Personal information
- Born: April 9, 1999 (age 27) San Jose, California, U.S.
- Listed height: 6 ft 3 in (1.91 m)
- Listed weight: 240 lb (109 kg)

Career information
- High school: Merced (Merced, California)
- College: Merced JC (2017) Sacramento State (2018) Fresno State (2019–2022)
- NFL draft: 2023: undrafted

Career history
- Pittsburgh Steelers (2023–2024)*; Montreal Alouettes (2026–present);
- * Offseason or practice squad member only

Awards and highlights
- First-team All-MW (2022); 2× Second-team All-MW (2020, 2021);
- Stats at Pro Football Reference
- Stats at CFL.ca

= David Perales =

American gridiron football player (born 1999)

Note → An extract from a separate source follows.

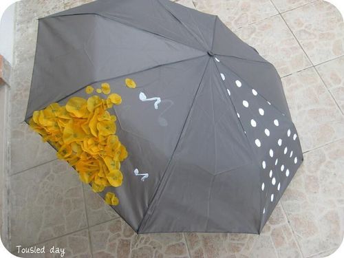 Ett anonymt paraply blir finare och lätt att hitta bland andra paraplyer med hemgjorda dekorationer. Det här har pimpats med ”solar” på ena sidan och regndroppar på den andra.

David Perales (born April 9, 1999) is an American professional football defensive lineman for the Montreal Alouettes of the Canadian Football League (CFL). He played college football for the Merced Blue Devils, Sacramento State Hornets and Fresno State Bulldogs.

== Early life ==
Perales was born on April 9, 1999, in San Jose, California. He attended Merced High School in Merced, California. As a senior, Perales had 93 tackles, including nine for loss and 7.5 sacks.

== College career ==
Perales played college football for the Merced Blue Devils in 2017, Sacramento State Hornets in 2018 and Fresno State Bulldogs from 2019 to 2022. At Merced, he was named the Golden Coast Conference Defensive Player of the Year after he registered 64 tackles, 14 sacks, ten pass deflections and three forced fumbles. Perales transferred to Sacramento State University for the 2018 season, recording 23 tackles, including 7.5 for loss, 2.5 sacks, one pass break up, forced fumble and blocked kick.

In 2019, he sat out the season due to NCAA transfer rules after he committed to Fresno State University. In 33 games at Fresno, Perales 118 tackles, 23 sacks, one interception, six pass deflections, nine forced fumbles and two fumble recoveries. He was a two-time second-team All-MW selection in 2020 and 2021 and first-team in 2022.

== Professional career ==

Pre-draft measurables
| Height | Weight | Arm length | Hand span | Wingspan | 40-yard dash | 10-yard split | 20-yard split | 20-yard shuttle | Three-cone drill | Bench press |
| 6 ft 2 in (1.88 m) | 248 lb (112 kg) | 32 in (0.81 m) | 9+1⁄4 in (0.23 m) | 6 ft 6+3⁄4 in (2.00 m) | 5.04 s | 1.74 s | 2.82 s | 4.45 s | 7.10 s | 22 reps |
All values from Pro day

=== Pittsburgh Steelers ===
After not being selected in the 2023 NFL draft, Perales signed with the Pittsburgh Steelers of the National Football League (NFL) as an undrafted free agent. On August 29, 2023, he was released and signed to the practice squad the following day. Perales spent the season on the practice squad and signed a futures contract on January 9, 2024. On August 1, he was waived and placed on the injured reserve due to a knee injury. On December 17, he was waived off the injured reserve.

=== Montreal Alouettes ===
On January 26, 2026, the Montreal Alouettes of the Canadian Football League (CFL) signed Perales. On May 31, he was signed to the practice roster. On July 11, Perales made his first start against the Calgary Stampeders. He had one tackle, one sack and one pass knock down, which won the game for the Alouettes. On September 17, Perales was placed on the practice roster.